Taman Doa Pieta ini diberkati pada tanggal 11 Maret 2013 oleh Romo Antonius Suyata, MSF. Dalam kotbahnya, Rm. Toni – panggilan akrab romo kepala Paroki Rawamangun itu – mengatakan bahwa Taman Doa Pieta ini di bangun oleh umat dan untuk umat. Oleh sebab itu diharapkan ada inisiatif dan greget dari umat untuk memanfaatkan taman doa ini untu berdoa setiap saat. Semoga orang yang datang bukan sekedar menikmati keindahan taman saja, melainkan sungguh dapat berdoa dalam suasana yang nyaman di antara indahnya suasana alam yang ada.
Secara khusus, Patung Pieta sendiri akan mengingatkan kita semua akan Bunda Maria yang bersengsara dengan Puteranya. Bunda Maria telah ikut menopang dan memangku segala dosa, harapan dan keluh kesah kita. Oleh karena itu, pantaslah kalau kita menghormati dan tak hentihentinya berdoa kepadanya dalam devosi-devosi pribadi maupun bersama.
Romo Toni juga berharap semoga lingkungan Taman Doa Pieta ini selalu dirawat dan dipelihara dengan baik. Mencintai tanaman dan taman itu juga merupakan bagian dari ibadah, bagian dari cinta kita kepada Tuhan yang menciptakan alam semesta ini. Untuk itu sudah layak dan sepantasnya, sebagai orang beriman, seraya kita berdoa, beribadah, kita juga wujudkan iman itu dalam sikap memelihara keutuhan Doa Pieta ini, khususnya tanaman-tanamannya.

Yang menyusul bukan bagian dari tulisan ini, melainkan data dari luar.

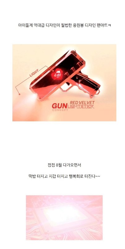인피니트 갓세븐 세븐틴 응원봉 만든 디자이너가 레드벨벳 응원봉도 저렇게 총 모양으로 응원봉 만들거라함. 타팬인데... 진짜 저렇게 나오면 갖고싶음.

Taman Doa Pieta adalah penjelmaan mimpi: mimpi untuk memberi arti lebih banyak dari sebuah ruang yang kurang bermakna, mimpi untuk membangun tempat doa yang berwawasan lingkungan, mimpi untuk melihat indahnya ciptaan Tuhan dalam bunga merona dan daun beraneka ragam. Di atas mimpi-mimpi itu kita juga diajak menghayati perjalanan kisah sengsara Yesus dalam jalan salib. Yesus, yang setelah menjalani sengsara dalam jalan salib, diterima dalam pangkuan Bunda dengan semua kedukaan yang mendalam.
Penyusunan dan pemilihan jenis-jenis tanaman serta penempatannya pun memiliki tujuan dan maknanya sendiri. Misalnya, kedatangan umat untuk berdoa disambut dengan rangkaian tanaman andong, puring dan jambe yang memiliki makna “andhedhonga, nyuwun pangapuraning Gusti supaya bejo ing tembe” (= berdoa, memohon pengampunan Tuhan supaya mulia di kemudian hari). Di sekeliling taman dipagari dengan pohon waru maroon, seperti warna ungu yang menjadi kain penutup salib saat minggu sengsara, sebagai makna kedukaan. Bunga-bunga aromatis seperti kenanga, culan dan bunga lain juga membawa suasana duka dalam perjalanan akhir Yesus. Pohon zaitu, pohon yang menyaksikan Yesus berdoa di malam sebelum hari pengadilanNya. Pohon ara yang dikisahkan banyak di kitab suci.
Diharapkan Taman Doa Pieta bisa menjadi bagian dari kompleks gereja yang ramah lingkungan. Ini juga menjadi kesempatan bagi kita untuk belajar tentang gaya hidup hijau (green lifestyle) dalam kompleks gereja. Pada gilirannya juga diharapkan bahwa gaya hidup itu bisa dipraktekkan di rumah masing-masing dan kemudian juga ditularkan kepada masyarakat yang lebih luas.